WHAT THE EXERCISE ASKS
Apart from the pictures, which must be omitted, restate the data exactly.

DATA
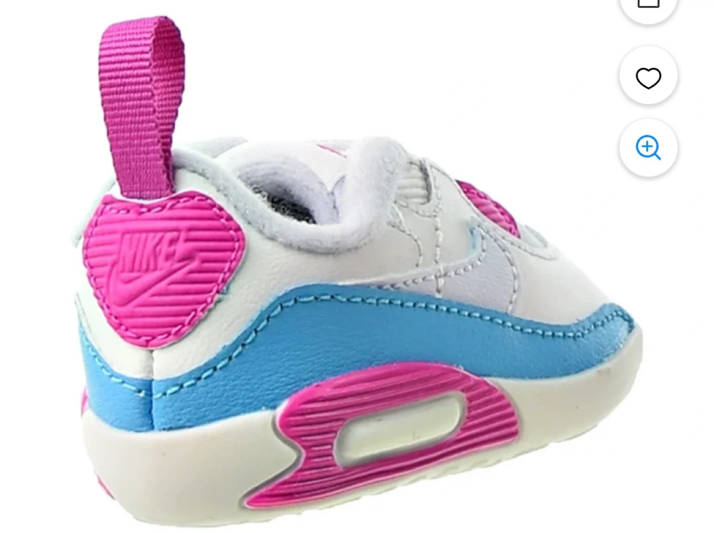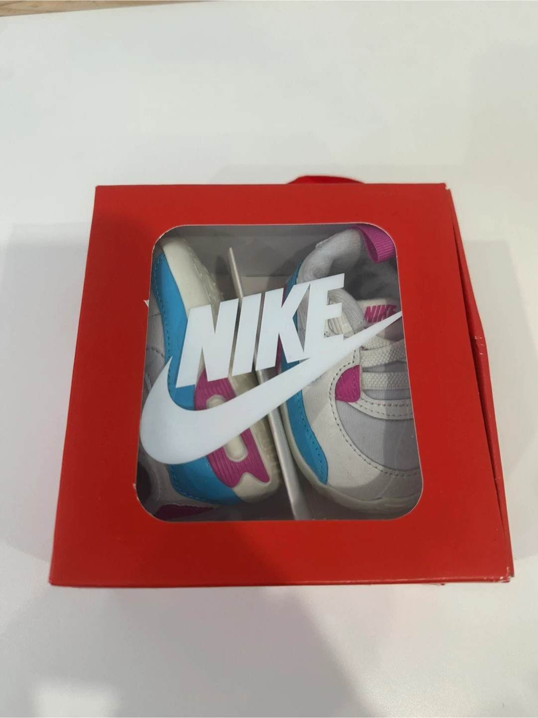 These adorable Nike Max 90 Crib (CB) baby shoes are brand new and ready for a new home! They come in a size 2c and feature a cute design with white, blue, and pink accents. The shoes come with the original box.
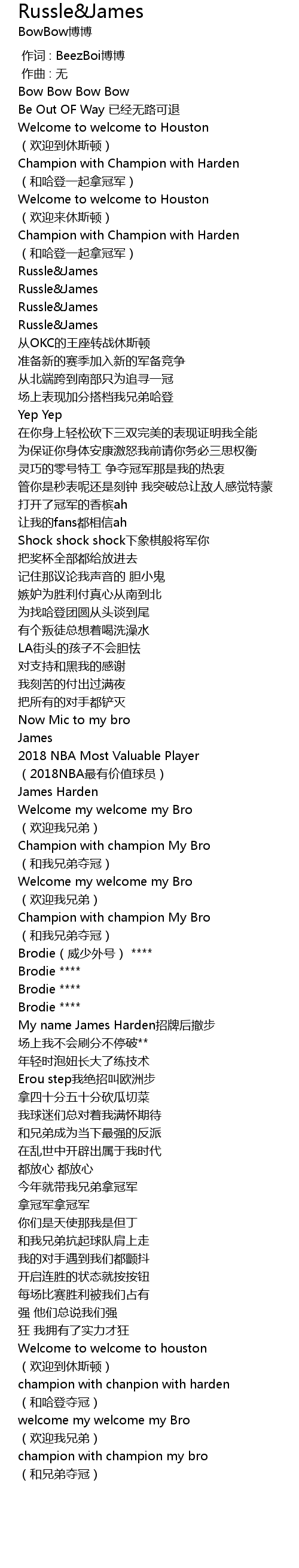 | [00:42.057] | 场上表现加分搭档我兄弟哈登 |
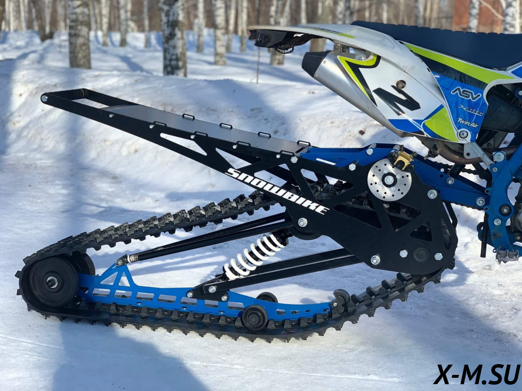 Folk 121 от Snowbike — универсальный гусеничный комплект для внедорожных мотоциклов. Гусеничный мотоцикл (СНОУБАЙК) это, по сути, одноколейный снегоход. Вы получаете возможность продлить мото сезон и эксплуатировать мотоцикл не только летом но и зимой.

ANSWER SPACE
 These adorable Nike Max 90 Crib (CB) baby shoes are brand new and ready for a new home! They come in a size 2c and feature a cute design with white, blue, and pink accents. The shoes come with the original box.
 | [00:42.057] | 场上表现加分搭档我兄弟哈登 |
 Folk 121 от Snowbike — универсальный гусеничный комплект для внедорожных мотоциклов. Гусеничный мотоцикл (СНОУБАЙК) это, по сути, одноколейный снегоход. Вы получаете возможность продлить мото сезон и эксплуатировать мотоцикл не только летом но и зимой.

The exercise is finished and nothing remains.